Verdutzt sah ihn Marie bei diesen Worten an, doch Lucius fixierte bereits seine Hände und ließ sie schweigend abkassieren.
***
Der restliche Tag verging schleppend langsam und als es allmählich zu dämmern begann, machte sich Lucius auf den Weg zu seinem ursprünglichen Schlafplatz. Diesen hatte er erst gestern für sich entdeckt und da er sehr gut gelegen war, und obendrein nur wenige Passanten sich in diese Gegend begaben, wollte er ihn auf keinen Fall wieder aufgeben. Seine Bemühung nicht in einem Stadtteil zu sein, wo zu viele von seinesgleichen sein könnten, war wichtig für ihn, denn trotz seiner Einsicht gegenüber seiner Fehler, war er nicht sonderlich erpicht darauf, womöglich noch jemanden zu begegnen den er aus seinem früheren Leben kannte. Das Treffen mit Hermine Granger war bereits aufreibend genug für ihn gewesen und auf ein weiteres konnte er sehr gut verzichten!
Was Lucius bei all dem jedoch nicht bedacht hatte, war das die Chance auf ein erneutes Treffen mit Hermine Granger hoch war, da diese heute morgen bereits diesen Weg genommen hatte. Und so kam es wie es kommen musste. Gerade als er ein Stück seines Brötchens in die Dose seiner kalte Linsensuppe eintauchte, stoppte jemand vor ihm. Lucius, der dies nicht selten erlebte, ignorierte die Person und schob sich das Stück Brötchen in den Mund. Den Blick der Person auf sich spürend, kaute er und fixierte dabei den Boden. Wie sehr hasste er es von Passanten angestarrt zu werden!
„Wenn Sie mir nichts hinterlassen wollen, würde ich Ihnen raten zu gehen!", fauchte er, sah jedoch immer noch nicht nach oben. Der Ekel oder das Entsetzen, welches sich jedes Mal in den Gesichtern der vorbeigehenden manifestierte, wenn diese ihn ansahen, verpasste ihm jedes Mal einen Schlag in die Magengrube, auf den gut verzichten konnte.

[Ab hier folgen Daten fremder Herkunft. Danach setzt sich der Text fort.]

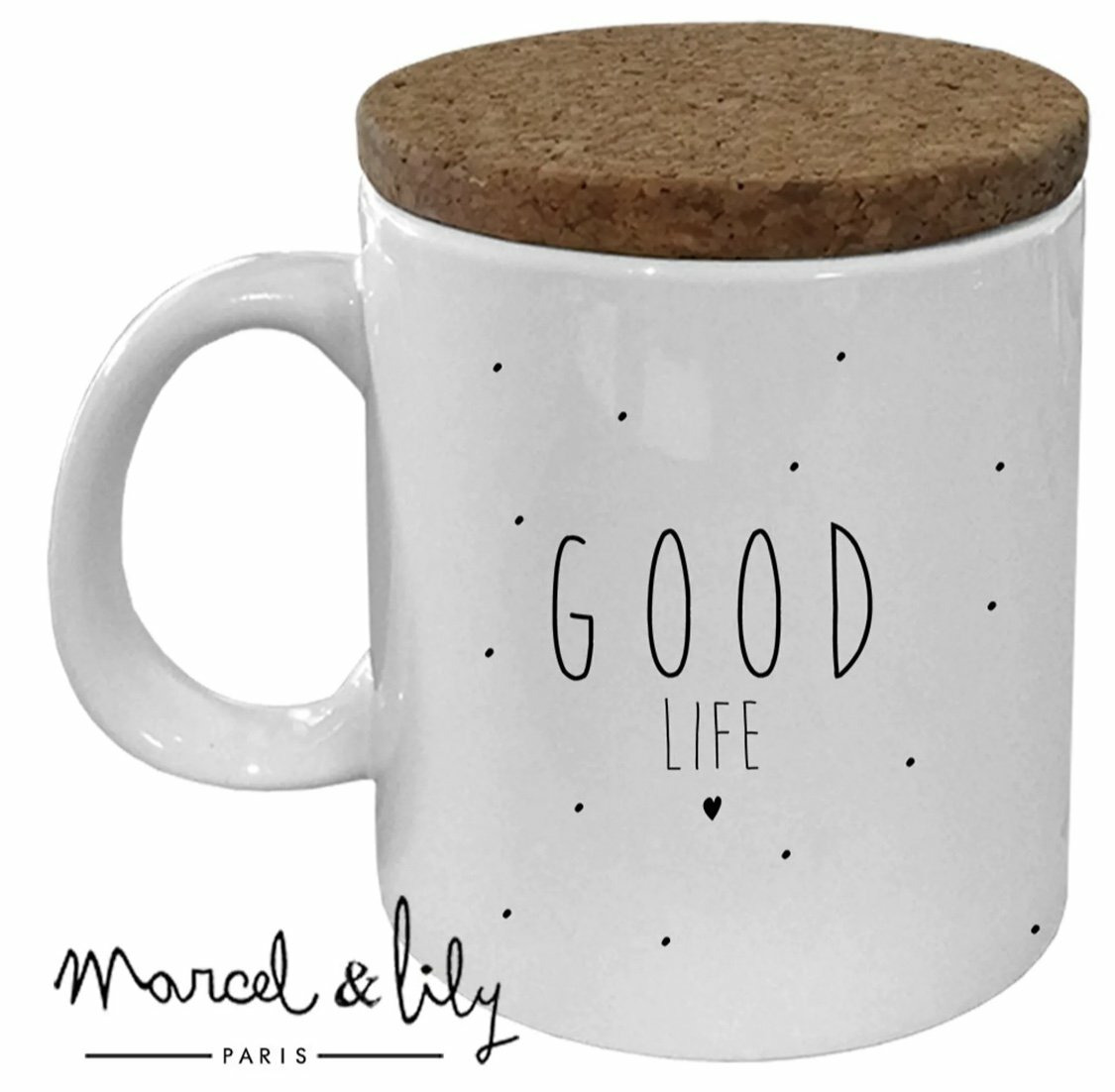 Mug en céramique "Good vibes" avec son couvercle en liège 100% écologique et fabriqué dans le sud ouest de la France pour garder les boissons bien au chaud ou pour s'en servir de sous tasse.Livré dans sa jolie boite en carton kraft recyclé.
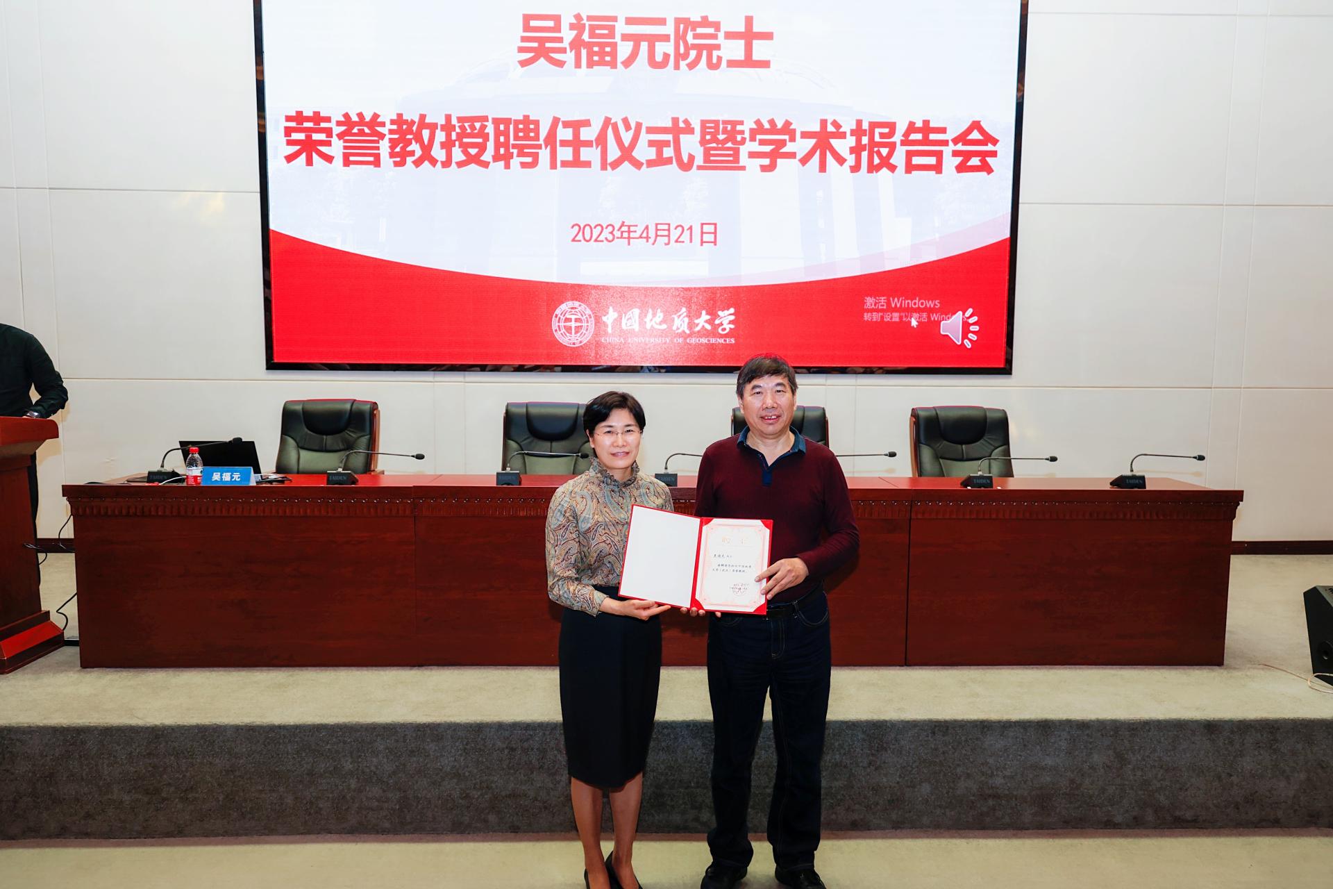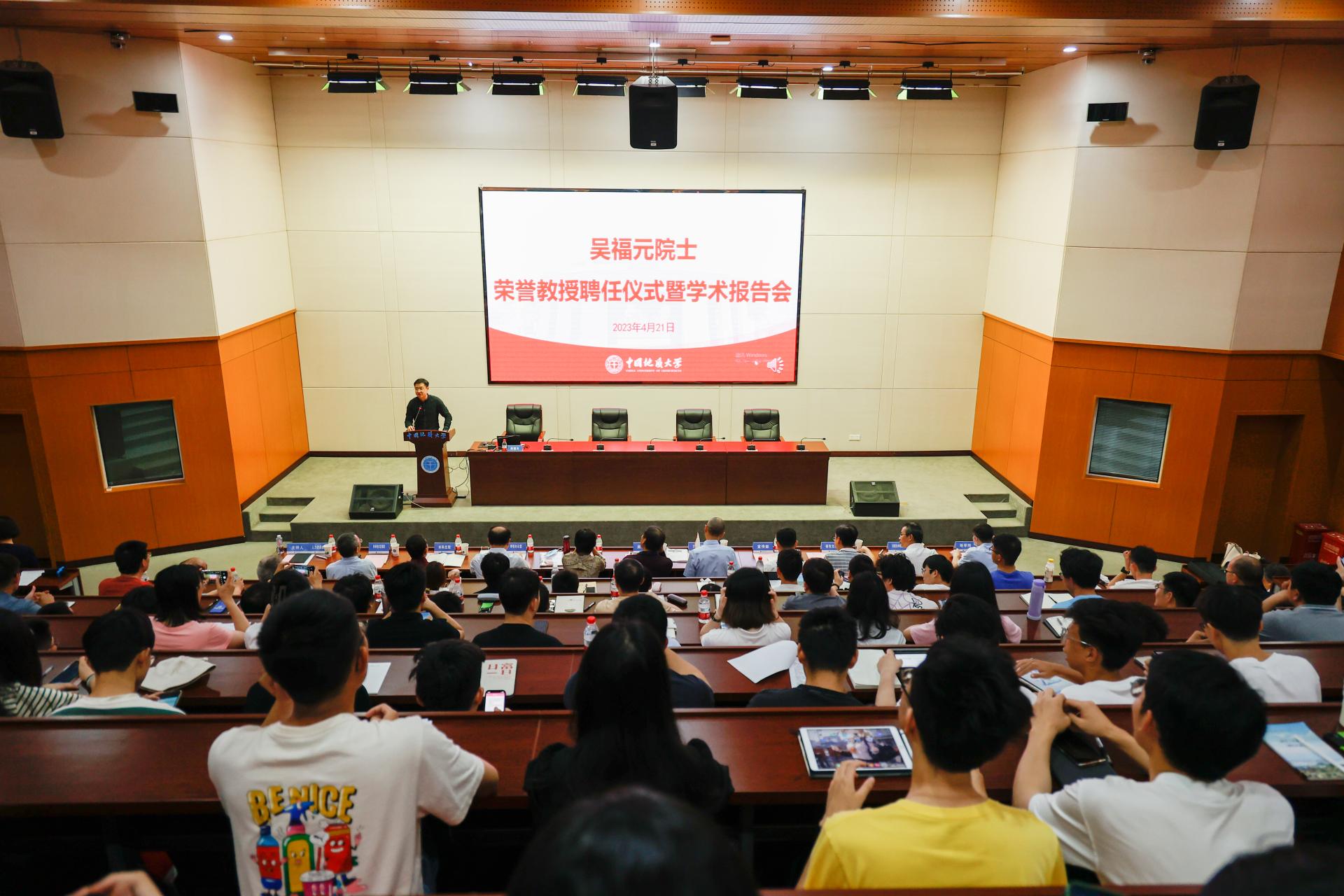 地大新闻网讯(通讯员 邓锡琴 摄影 程晓龙)为落实人才强校战略,吸引校外杰出人才参与学校教学、科研和学术交流,推动一流学科师资队伍建设,4月21日,学校举行吴福元院士荣誉教授聘任仪式暨学术报告会。校党委书记黄晓玫、副校长刘勇胜,相关职能部门负责人、地学院党政领导班子成员及师生代表参加。

Noch immer rührte sich die Person nicht und Lucius hob den Blick etwas, um die Schuhe zu mustern. Allem Anschein nach musste es eine Frau sein, denn er konnte Pumps und eine seidenschwarze Strumpfhose erkennen, welche in der Mitte ihrer Unterschenkel von einem weißen Rock verdeckt wurde.
„Bitte, Madam, gehen Sie", fügte er bemüht freundlich hinzu, darauf wartend, dass sich die Frau endlich von ihm entfernen würde. Doch noch immer bewegten sich die Beine nicht fort, im Gegenteil, die Füße knickten in der Mitte zusammen und die Knie der Frau berührten trotz ihres schneeweißen Kleidungsstücks den Boden vor ihm. Verdutzt sah Lucius auf und bereute diese Entscheidung augenblicklich.
Er sah geradewegs in die rehbraunen Augen von Hermine Granger.